Well, as it so happens, both our other scripture readings could give us a clue, a possible route for slowly emerging from our own spiritual lockdown. The dramatic story in Acts which we heard earlier tells how a Gentile group in Caesarea had a powerful experience of the Holy Spirit, changing their lives and filling them with great joy. Why? Because God the Holy Spirit is definitely ‘God-shaped’, and would have fitted their God-shaped gap perfectly.

Some people would say that God had to do dramatic things like that to get the Church started, but once the engine of the Church was ticking over nicely it didn’t need a starter-motor any more, so we can’t expect much from the Holy Spirit nowadays, can we? Well, I think that’s nonsense. From what Jesus said, and from the experience of many Christians, some known to us, the Holy Spirit is very definitely active in the world today, in big ways and in small ways.

We all remember the parable that Jesus told about the child asking his father for bread and not being given a stone. Then Jesus went on and said, ‘How much more will the Heavenly Father give the Holy Spirit to those who ask him?’ And I sometimes wonder what would happen in a church if every one of its members prayed for the Holy Spirit every day. It’d only take a few seconds, and Jesus does encourage us to do it. Well, maybe we’ll see, who knows?

And then, there’s another clue for a possible way forward out of a spiritual lockdown, and it comes in our gospel reading. Jesus said, ‘I have said these things to you so that my joy may be in you, and your joy may be complete’. (Whenever I hear the word ‘joy’ I think of an ancient vicar I saw getting up into the pulpit, with a miserable expression on his face. Poor chap, he had a face like a coffin. And he got up and he said, in a very slow and depressed way, ‘Today I’m going to speak to you about Christian joy’.) If you asked people what was the purpose, the aim of Christ’s teaching, what he was aiming at, many would say, ‘To help us become better people’. Well of course there’s a great deal of truth in that, but it’s not what Jesus is saying here in the gospel reading. He’s saying that the purpose of his teaching is to give us joy. And at the heart of his teaching is the commandment ‘that you love one another as I have loved you’.

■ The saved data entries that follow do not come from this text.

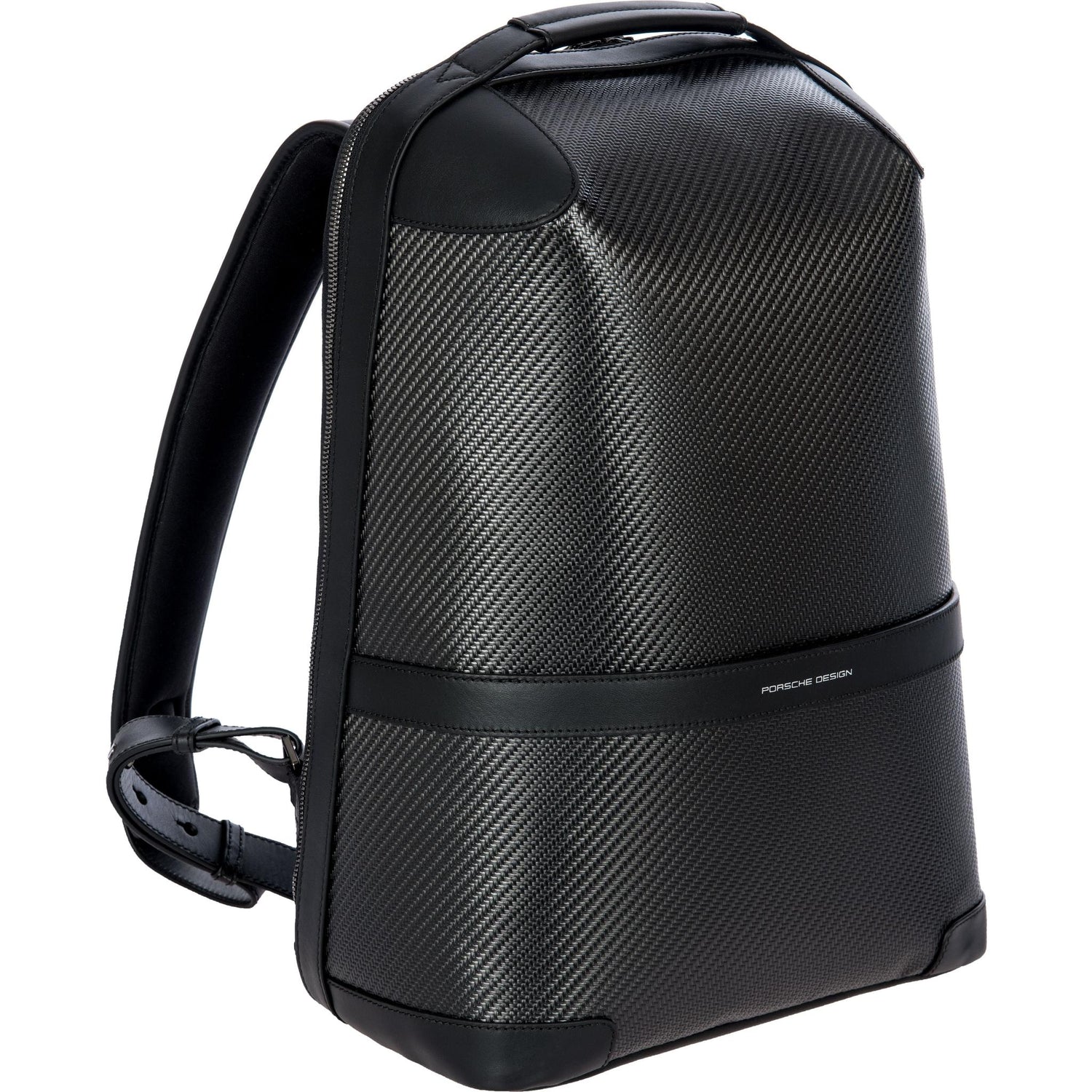 Fascination Carbon. The high-tech material from motorsport gives the Porsche Design Carbon Backpack - like all models in the Porsche Design Carbon Collection - its unmistakable design DNA. Lightweight, textured carbon fiber fabric and the finest box calf leather, combined in an iconic, minimalist design, make this backpack an exclusive, timelessly stylish companion. The new model variant is characterized by optimum comfort and functionality.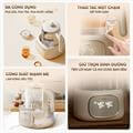 Máy sở hữu kiểu dáng trụ tròn nhỏ gọn, màu trắng nhã nhặn, phù hợp với mọi không gian từ phòng ngủ, phòng em bé đến nhà bếp. Tay cầm bằng nhựa PP cách nhiệt, giúp cầm nắm an toàn, không lo bỏng tay. Thân bình bằng thủy tinh Borosilicate cao cấp cho khả năng chịu nhiệt vượt trội, không bám cặn và dễ vệ sinh. Nắp bình bằng inox SUS304, đế đun và chân đế tiếp điện bằng inox SUS316 chống ăn mòn, đảm bảo độ bền và vệ sinh tuyệt đối.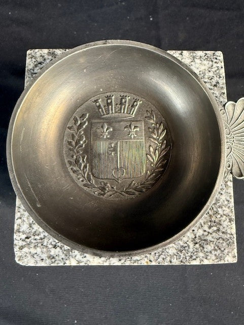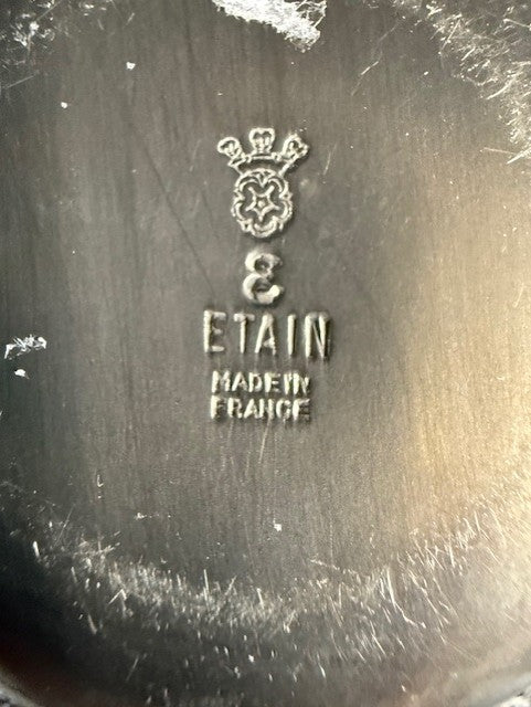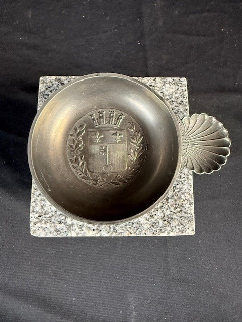 Vintage Etain d'art Titre small wine tasting cup crafted from pewter with heraldic design in the middle. Measures 4”L x 3"W x 0.5"H. Made in France and in very good condition.

So it may be that if we pray for the Holy Spirit every day, however briefly, we may find it easier to reach out to other people, or find new ways of being more Christ-like towards them. As I keep saying, who knows? But I do know that many of my friends have found that one way out of a spiritual lockdown has something to do with other people and what we may be able to do for them.

Many of my friends have found that one way out of a spiritual lockdown has something to do with other people and what we may be able to do for them.

And if we try to do that, maybe we will be answering the call of Isaiah, echoing to us down the centuries and down the millennia, reaching us today: ‘Come, oi, come! This is how you get your needs met!’

So let me finish with part of the beautiful prayer of St Francis of Assisi:

O Divine Master,
grant that we may not so much seek
to be consoled, as to console;
to be understood as to understand;
to be loved as to love.

For it is in giving that we receive;
it is in pardoning that we are pardoned;
and it is in dying that we are born to eternal life.